2. Posterior prediction plots

mu <- link(m5.3)
mu_mean <- apply(mu, 2, mean)
mu_PI <- apply(mu, 2, PI)

D_sim <- sim(m5.3, n=1e4)
D_PI <- apply(D_sim, 2, PI)

{
  plot(mu_mean ~ d$D, col=rangi2, ylim=range(mu_PI),
       xlab="Observed divorce", ylab="Predicted divorce")
  
  abline(a=0, b=1, lty=2)
  for(i in 1:nrow(d)) lines(rep(d$D[i], 2), mu_PI[,i], col=rangi2)

}

3. Counterfactual plots

This displays the causal implications of the model. They help you understand the model, as well as generate predictions for imaginary interventions and compute how much some observed outcome could be attributed to some cause.

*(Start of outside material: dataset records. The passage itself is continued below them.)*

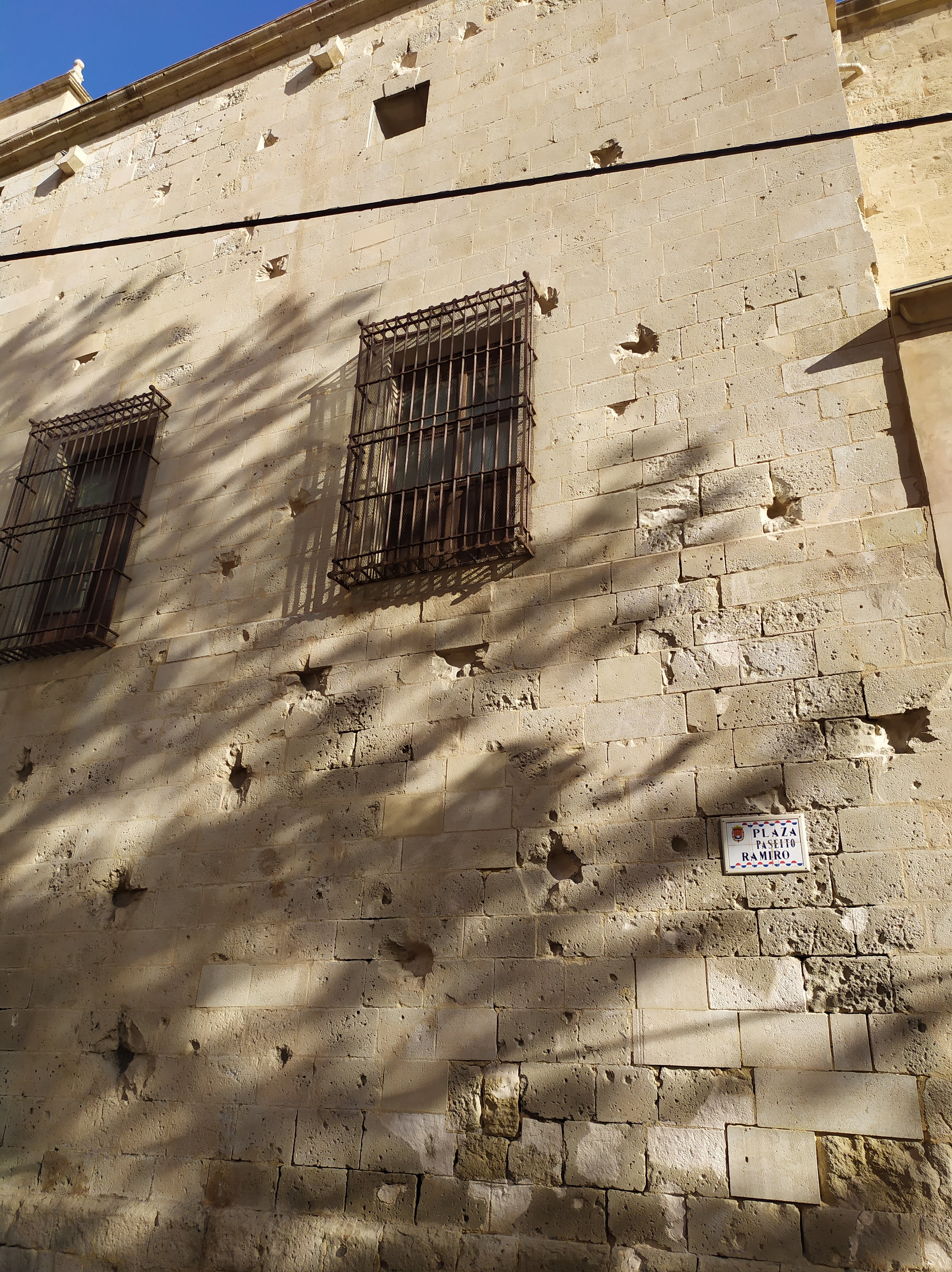 Nos quedaría por visitar la basílica de Santa María, la iglesia más antigua de la ciudad de Alicante del siglo XIV, destaca su portada barroca con sus dos torres asimétricas, el edificio no se libró de los ataques desde el mar de 1691 y durante la Guerra de Sucesión; en la fachada que da hacia mar se pueden ver los daños de la metralla en la piedra y alguna bala de cañón incrustada.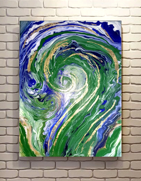 Kuvaus: Kullanhohtoinen akryylimaalaus kankaalla, suojalakka. Ilmainen toimitus.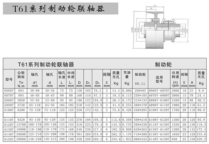 瑞安市寶德隆機(jī)械配件有限公司提供T61系列制動輪聯(lián)軸器具有拆裝方便,快速安裝等特點(diǎn),廣泛用于連接/固定輪轂孔和零件的軸,例如齒輪,錐齒輪,鏈輪,葉輪,凸輪,皮帶輪和飛輪等軸的聯(lián)結(jié)固定,咨詢電話:18906872378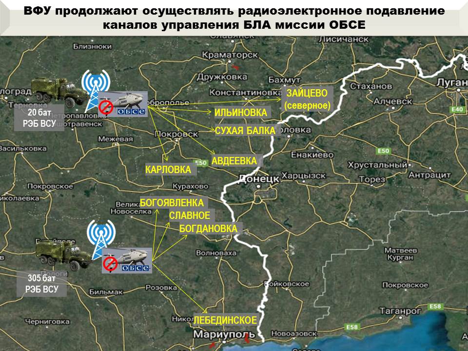 Он также отметил, что помимо средств РЭБ украинские каратели вели огонь из стрелкового оружия по беспилотникам наблюдателей ОБСЕ в районе Викторовки.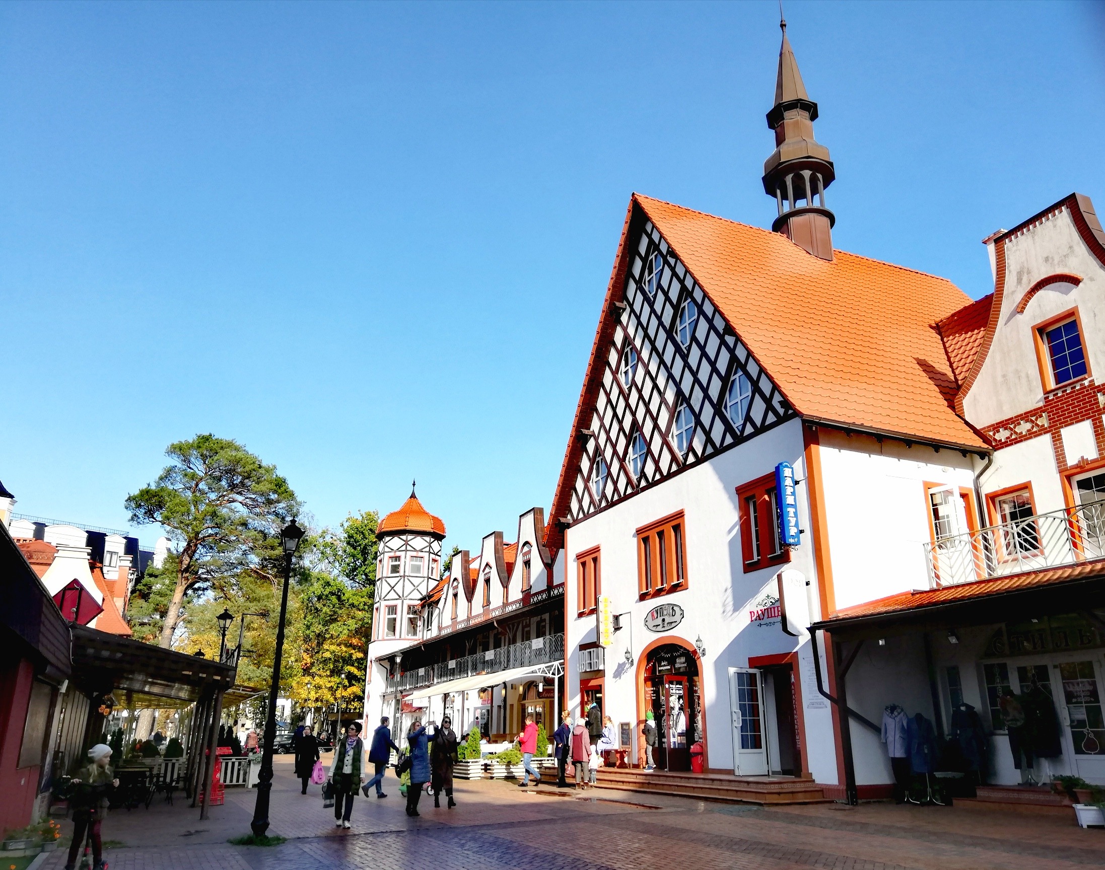 В Светлогорске природа и архитектура сливаются воедино: город органично вписан в густой хвойный лес. Сосны окружают жилые здания и гостиницы, наполняя воздух свежим смолистым ароматом, который мягко смешивается с прохладным морским ветром.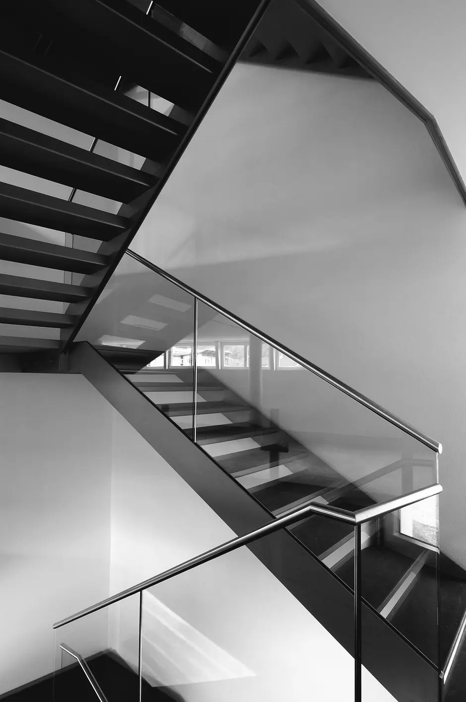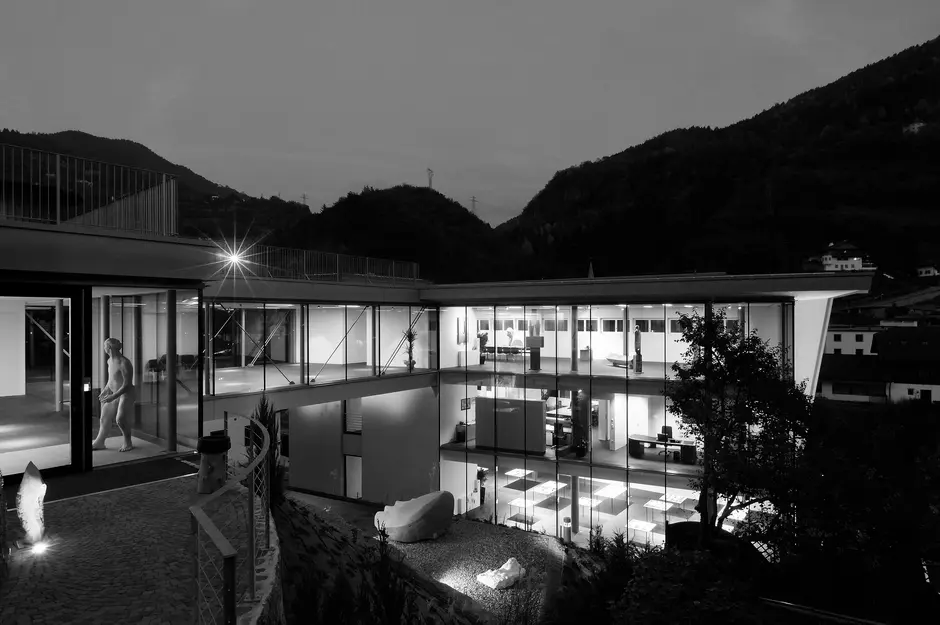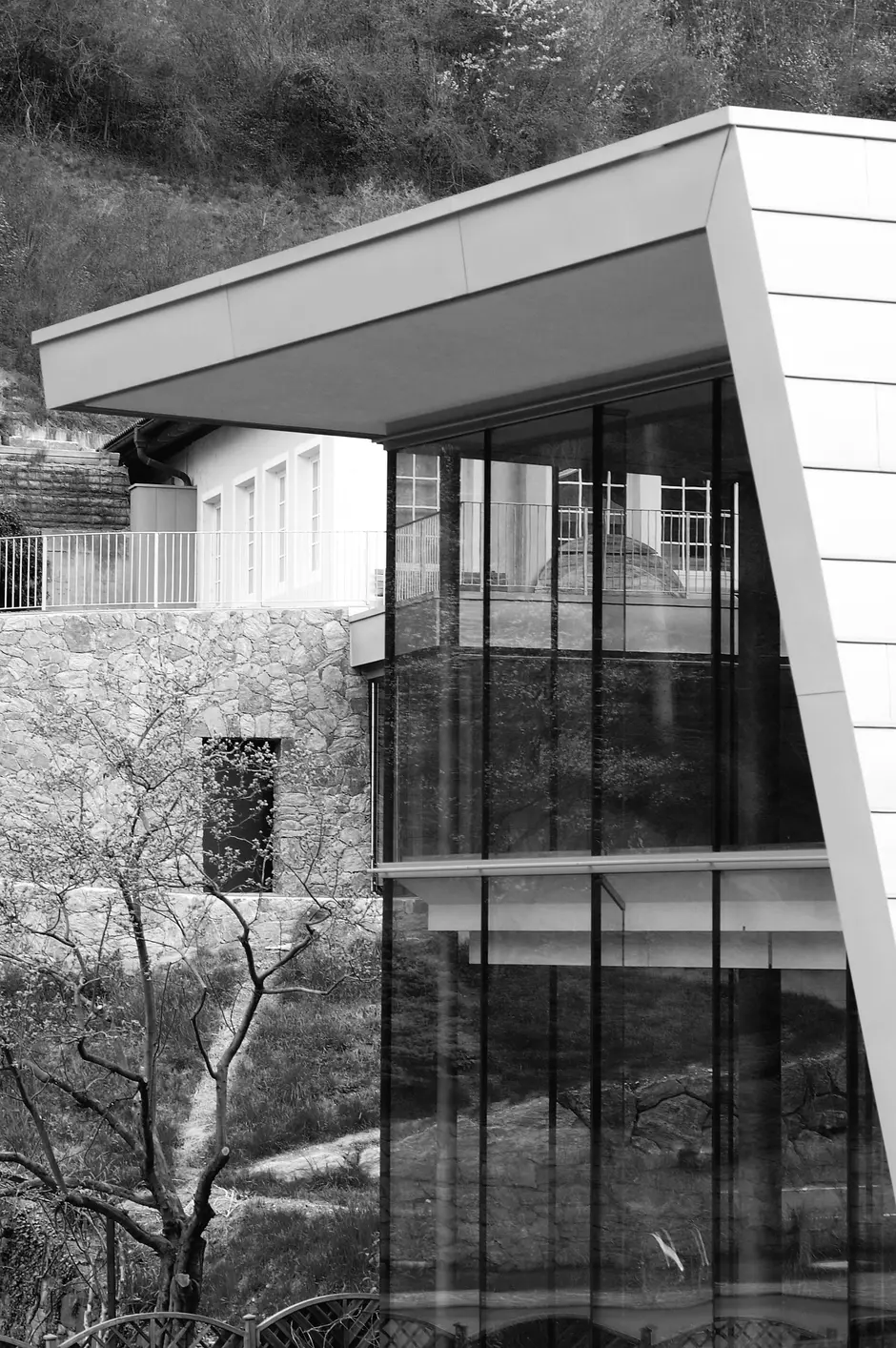 Dieses Spiel der Schrägfassade und Dachfläche präsentiert sich als homogene Ganzheit in Form von raffinierter Klammerstruktur. Zugleich wird durch die Anordnung der Schrägfassade optisch ihre Höhe genommen und so dem Volumen ein dynamisches Erscheinungsbild verliehen. Last but not least gelang es durch dieses Konzept, ein Bauwerk zu realisieren, das sich einerseits als Begrenzung zur Straßenflucht behauptet und sich andererseits dem aufsteigenden Hang entgegensetzt.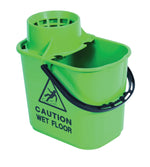 Constructed of robust polypropylene, this mop bucket is strong enough for frequent use when mopping and cleaning. It features a plastic sieve-style wringer for wrenching used water out of your mop, with a channel to carry excess water away to prevent drips. On the side of the bucket, a clear anti-slip warning sign is printed. This pack contains one 15 litre mop bucket with wringer in green, for colour coordinated cleaning.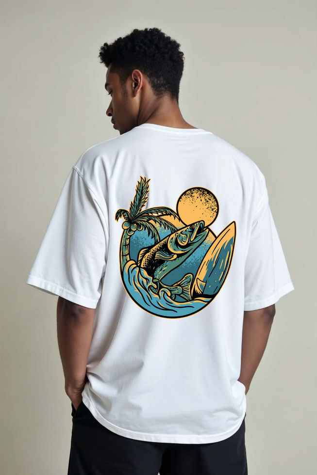 Surf Fishing Beach Scene Urban Unisex Oversized Drop Shoulder T-Shirt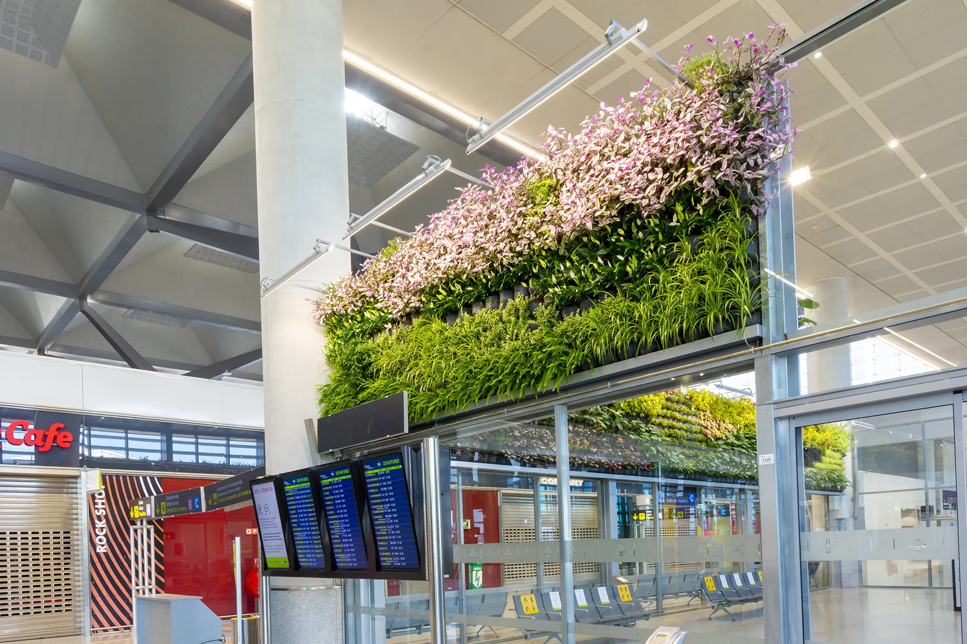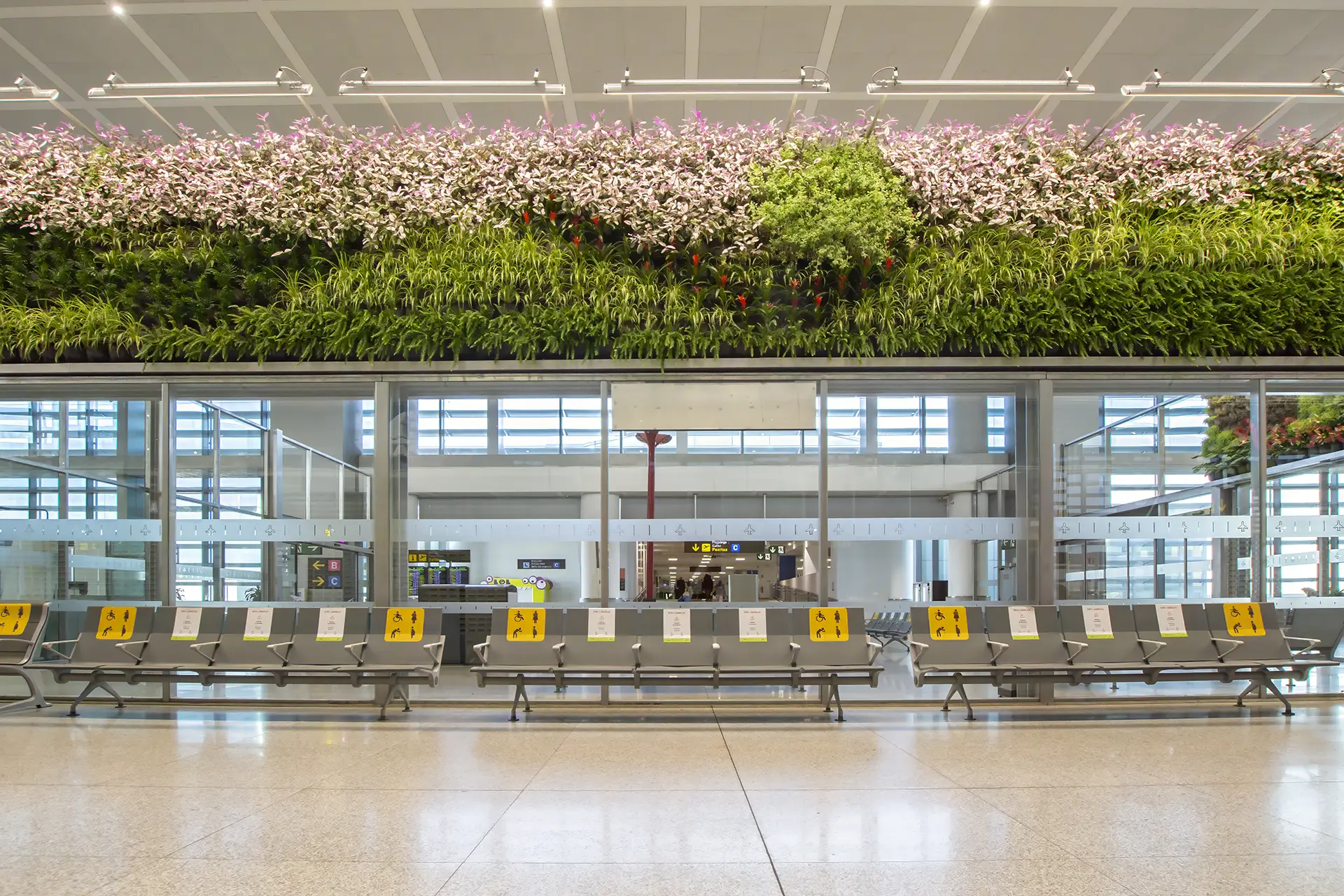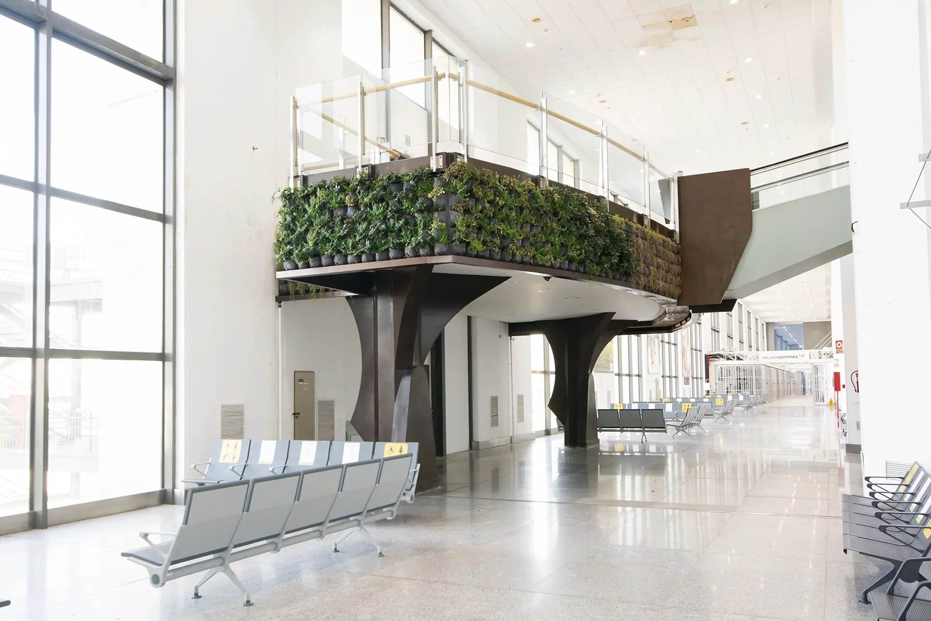 Este proyecto consistió en el diseño e instalación de cuatro jardines verticales naturales, los cuales se conformaron con mas de 10.000 unidades de plantas. Con estos jardines se busca despertar el interés de los viajeros y hacer las instalaciones más confortables para los usuarios, no sólo aportando belleza a las terminales, sino también, mejorando la calidad del aire y la temperatura. Algunos de los jardines verticales buscan, a través de su diseño, crear imágenes representativas de Málaga con las plantas.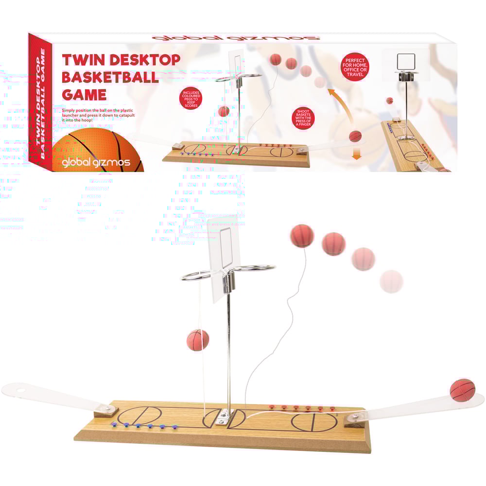 Easy to set up and super fun to play, this Global Gizmos Twin Desktop Basketball Game is great for children and adults alike. All you need to do is place the ball on the plastic holder, hold it down and let it go! The aim of the game is to sink six baskets before your opponent does. As the balls are on string it stops them getting lost and helps keep the game fast-paced as you can set it back up quickly. Size: 35 x 25cm.

The basic recipe: 1. Set the assumed scientific model (e.g. draw the DAG) 2. Pick the intervention variable (i.e. variable to manipulate) 3. Define the range of values to set the intervention variable to 4. Do the following simulation:

For each value of intervention variable:
  For each sample in posterior:
    Use the causal model to simulate the values of other variables including the outcome

DAG Model 1

For the divorce model (represented by the DAG 1), we need a set of functions that tell us how each variable is generated. We will follow the same approach we did in the m5.3 but with adding the influence of A on M, since in the previous models we cared about estimating A -> D influence. Now, we need to predict the consequences of manipulating A. Estimating the influence of A on M is conducting by regressing A on M.

d <- list()
d$A <- standardize(WaffleDivorce$MedianAgeMarriage)
d$D <- standardize(WaffleDivorce$Divorce)
d$M <- standardize(WaffleDivorce$Marriage)

m5.3_A <- quap(
  alist(
    # A -> D <- M
    D ~ dnorm(mu, sigma),
    mu <- a + bM * M + bA * A,
    bM ~ dnorm(0, 0.5),
    bA ~ dnorm(0, 0.5),
    a ~ dnorm(0, 0.2),
    sigma ~ dexp(1),
    
    # A -> M
    M ~ dnorm(mu_M, sigma_M),
    mu_M <- aM + bAM * A,
    bAM ~ dnorm(0, 0.5),
    aM ~ dnorm(0, 0.2),
    sigma_M ~ dexp(1)
    
  ), data=d
)

Let’s define the range of values for A

A_seq <- seq(from=-2,to=2,length.out=30)

Let’s do the simulate both M and D in order. The order is important because we have to simulate the influence of A -> M before simulating the joint Influence A -> M -> D

sim_dat <- data.frame(A=A_seq)

s <- sim(m5.3_A, data=sim_dat, vars=c("M","D"))

{
plot(sim_dat$A, colMeans(s$D), ylim=c(-2,2), type="l",
     xlab="manipulated A", ylab="counterfactual D")
shade(apply(s$D,2,PI), sim_dat$A)
mtext("Total counterfactual effect of A on D")
}

This plot shows the predicted trend in D including both paths: A -> D A -> M -> D

Let’s find the expected causal effect of increasing median age at marriage from 20 to 30:

# standardize 20 and 30 before inference (remember mean(A) = 26.1 and sd(A)=1.24)
A_test <- c(20,30) - 26.1 / 1.24
sim2_dat <- data.frame(A=A_test)
s2 <- sim(m5.3_A, data=sim2_dat, vars=c("M","D"))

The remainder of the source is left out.